Westreich Daniel, Hudgens Michael G
Am J Epidemiol. 2016 Sep 1;184(5):354-6. doi: 10.1093/aje/kww063.
In this issue of the Journal, Sullivan et al. (Am J Epidemiol. 2016;184(5):345-353) carefully examine the theoretical justification for use of the test-negative design, a common observational study design, in assessing the effectiveness of influenza vaccination. Using modern causal inference methods (in particular, directed acyclic graphs), they describe different threats to the validity of inferences drawn about the effect of vaccination from test-negative design studies. These threats include confounding, selection bias, and measurement error in either the exposure or the outcome.
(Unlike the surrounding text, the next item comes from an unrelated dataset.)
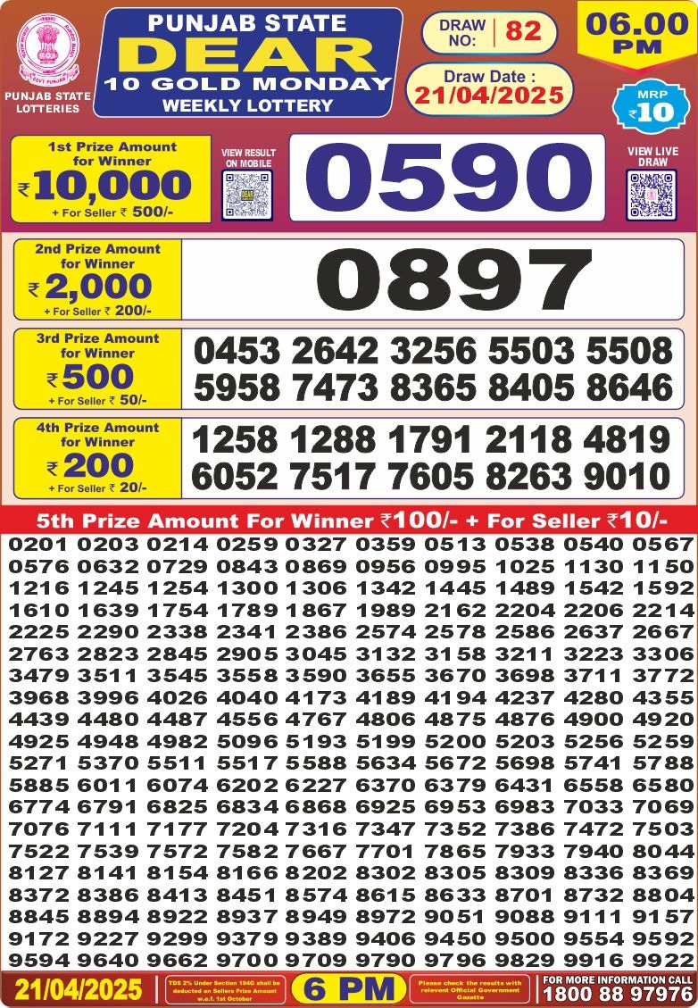 Punjab state dear 10 gold monday weekly lottery 21-4-25
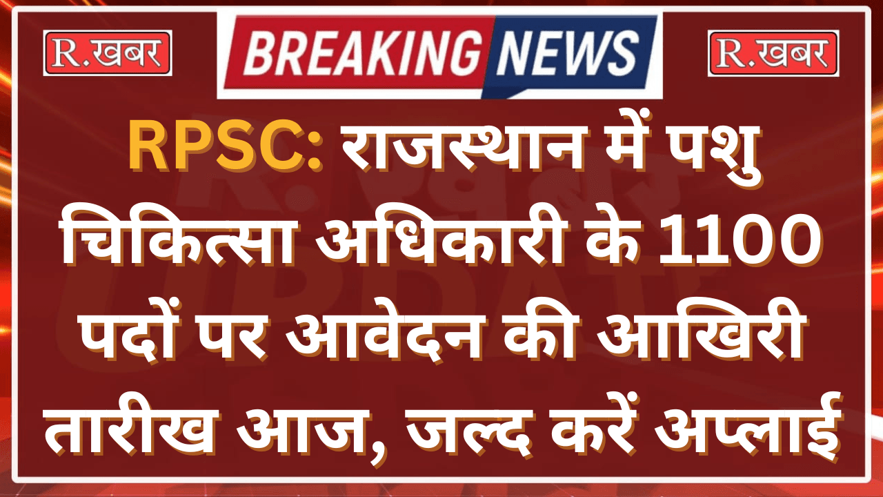 R.खबर ब्यूरो। राजस्थान लोक सेवा आयोग (RPSC) ने पशु चिकित्सा अधिकारी पदों के लिए भर्ती प्रक्रिया 2025 शुरू की थी। इस भर्ती के तहत कुल 1100 पद भरे जाएंगे। इच्छुक और योग्य उम्मीदवारों के लिए आवेदन की अंतिम तारीख आज यानी 3 सितंबर 2025 है। जो अभ्यर्थी अभी तक आवेदन नहीं कर पाए हैं, वे आज ही आधिकारिक वेबसाइट rpsc.rajasthan.gov.in पर जाकर ऑनलाइन आवेदन कर सकते हैं।

While confounding and measurement error are common in observational studies, the potential for selection bias inherent in the test-negative design brings into question the validity of inferences drawn from such studies.
在本期《期刊》中,沙利文等人(《美国流行病学杂志》。2016年;184(5):345 - 353)仔细研究了使用检测阴性设计(一种常见的观察性研究设计)来评估流感疫苗接种效果的理论依据。他们运用现代因果推断方法(特别是有向无环图),描述了从检测阴性设计研究中得出的关于疫苗接种效果的推断有效性所面临的不同威胁。这些威胁包括混杂、选择偏倚以及暴露或结局中的测量误差。虽然混杂和测量误差在观察性研究中很常见,但检测阴性设计中固有的选择偏倚可能性使得从此类研究得出的推断的有效性受到质疑。